Segment your payment network from general-use Wi-Fi.
Never store sensitive authentication data (CVVs, full track data).
Inspect terminals physically, regularly.
Train staff to not write card numbers down, ever.
If you experience a breach or a terminal compromise, notify your processor immediately — delays make the fines worse.

Frequently asked questions

Is a salon required to be PCI compliant?: Yes. Any business that accepts credit or debit cards is required to comply with PCI DSS under their merchant agreement with their payment processor. Non-compliance doesn't always result in immediate action, but a data breach while non-compliant can trigger fines of $5,000–$100,000/month from card networks plus liability for fraudulent charges. Most processors also charge a monthly non-compliance fee if an annual SAQ isn't completed.
What PCI SAQ does a salon need to complete?: Most salons complete SAQ A (for those using fully outsourced, hosted payment pages with no cardholder data on their systems) or SAQ B-IP (for those using IP-connected terminals like PAX A920 or A80). Salons using a PCI-validated P2PE solution may qualify for SAQ P2PE, which is shorter. Your payment processor should specify which SAQ type applies to your configuration — ask them directly.
What cardholder data can a salon store?: Salons can store tokenized card references provided by their payment processor — these are meaningless strings that the processor maps to an underlying card, used for rebooking or charging no-show fees. What salons must never store: full card numbers (PAN), CVV2/CVC2 security codes, magnetic stripe data, or PINs. Modern payment software handles this correctly, but confirm with your vendor that no sensitive data appears in logs or exports.
What is P2PE and does it reduce my PCI scope?: Point-to-Point Encryption (P2PE) means cardholder data is encrypted inside a certified device before it ever reaches your software or network. PCI-validated P2PE solutions significantly reduce compliance scope because there's no unencrypted cardholder data in your environment. NMI in combination with PAX terminals supports P2PE. If your processor offers a validated P2PE solution, using it is worth the setup effort — it simplifies your annual SAQ considerably.
How should a salon secure its Wi-Fi for payment terminals?: Payment terminals should be on a dedicated VLAN or separate Wi-Fi network isolated from general-use internet access. This prevents a compromised laptop or guest device from being on the same network as card readers. A managed switch and basic VLAN configuration accomplish this. Have a network professional set it up and document the configuration — this is a one-time task that narrows your PCI scope.

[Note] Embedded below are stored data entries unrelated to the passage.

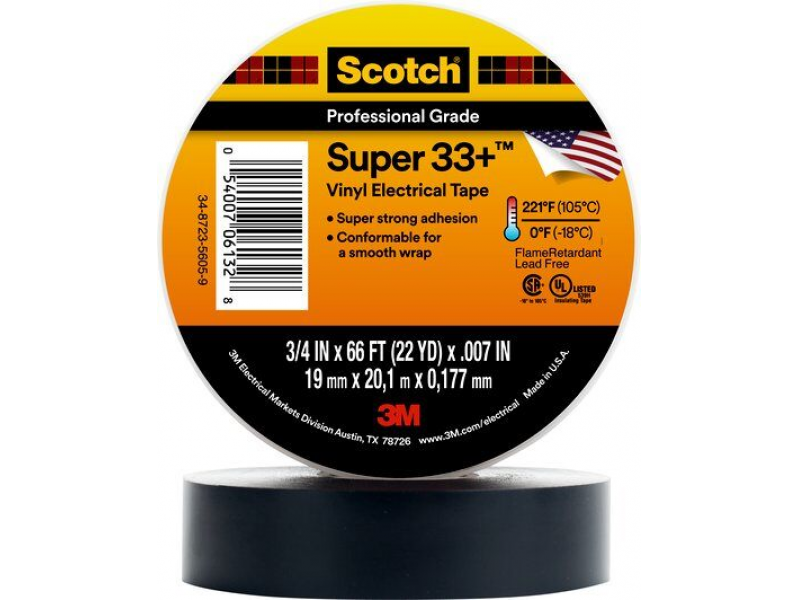 - Băng keo điện 3M Scotch super 33+ là dòng băng keo điện cao cấp (1,150V/mil) có khả năng chống cháy và thích hợp với mọi thời tiết.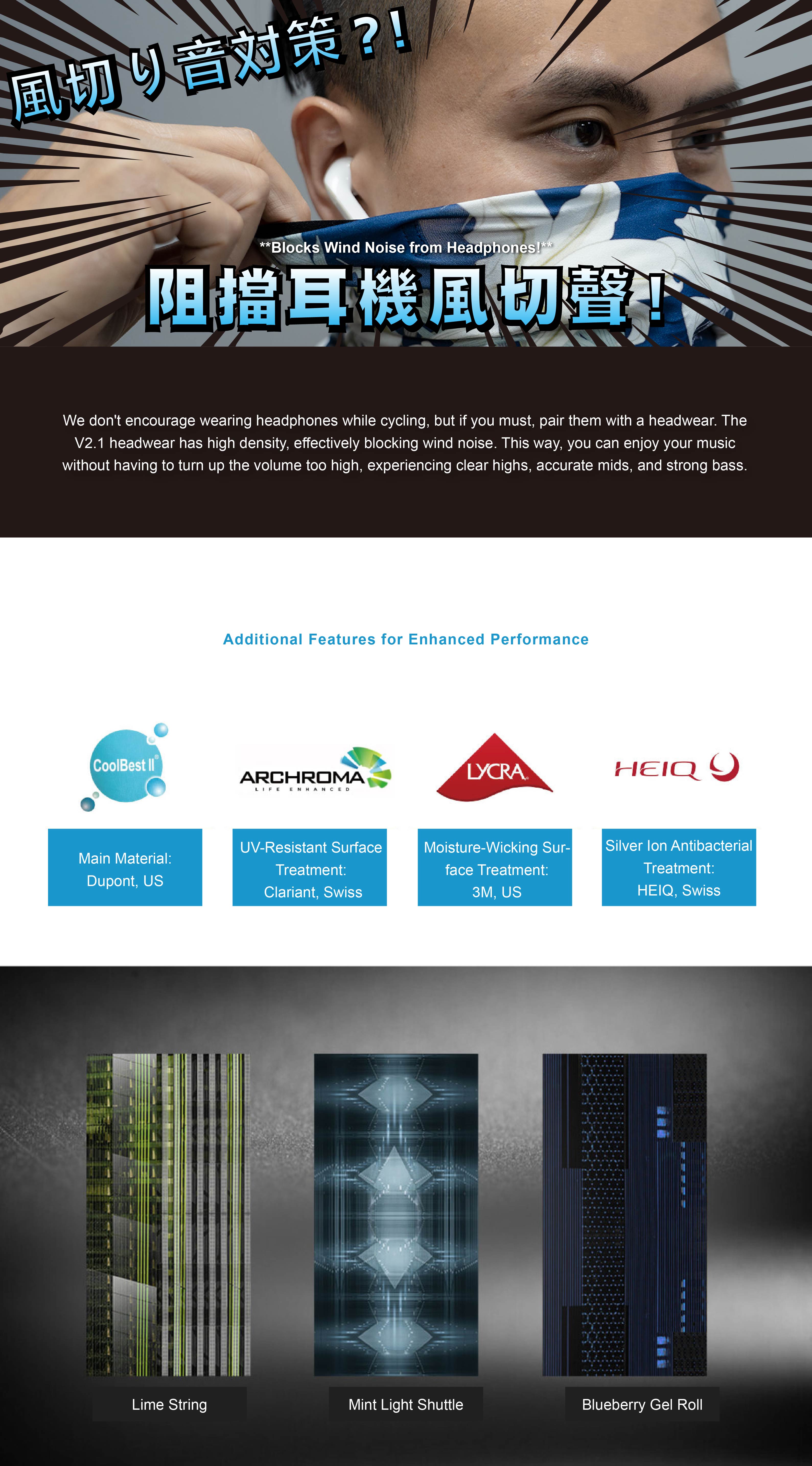 - The headscarf fabric is made of Coolbest II Lycra elastic fabric, which is cool, comfortable and full of color.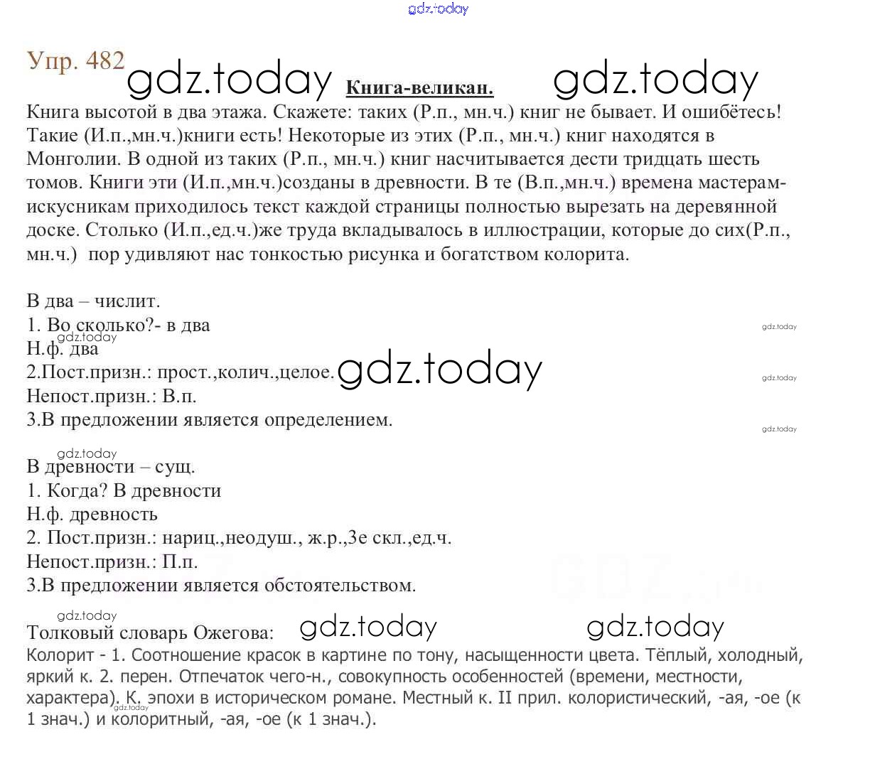 На страницах сайта gdz.today вы найдете учебный и вспомогательный материал, направленный на улучшения знаний школьной программы. ГДЗ - онлайн мир знаний Упражнения Часть 2 482 Учебнику по Русскому языку для 6 класса Баранов, Ладыженская Просвещение, Просвещение 2015, 2022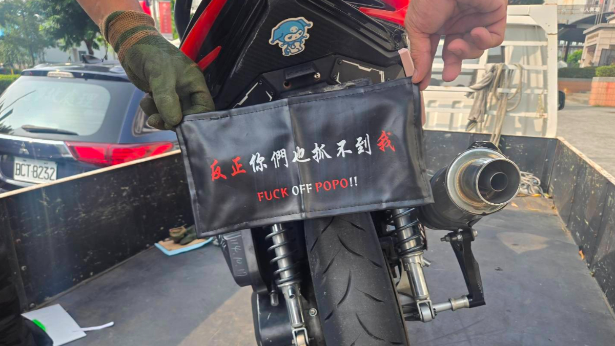 一輛改裝的機車深夜高速行駛,而且排氣聲量異常大聲。台中市警察局五分局員警發現後攔檢,20歲的柯姓女子改裝機車排氣管外,還涉及包括車牌上翹、改裝車燈及後照鏡太小等違規,更令員警傻眼的是,機車車身貼著「那又怎樣 撞柱當隊長」貼紙,另有1塊以黑色皮革製成,印著「反正你們也抓不到我 FXXK OFF POPO!!」員警當場依法舉發取締,並當場移置保管該部機車。

What is a skimming device and how do I detect one?: A skimming device is a physical overlay that criminals attach to card readers to capture card data. They're designed to look like the original hardware. Inspect your terminals daily before opening: feel around the card slot and keypad for anything that doesn't feel solidly attached, compare it to a reference photo of how the terminal looks when clean, and pull gently on the card reader area. Tampered devices often wiggle slightly. Register terminal serial numbers so you can verify you have the right hardware.
Who handles PCI compliance in a booth-rent salon?: Responsibility is split. Each stylist using their own merchant account is the merchant of record for their transactions and bears primary PCI compliance responsibility for those accounts. The salon owner is responsible for physical security of shared terminals, network segmentation, and any equipment or software they control. If the salon routes transactions through its own gateway on behalf of renters, the salon owner carries broader compliance responsibility.
What happens if my salon has a data breach?: Notify your payment processor immediately — delays compound liability. The processor will engage a Qualified Incident Response Assessor (QIRA) to investigate. If cardholder data was compromised, the card brands determine fines and remediation costs. You may be required to reissue cards, cover fraudulent charges, and fund enhanced monitoring. Cyber liability insurance helps — it's worth having for any business accepting card payments.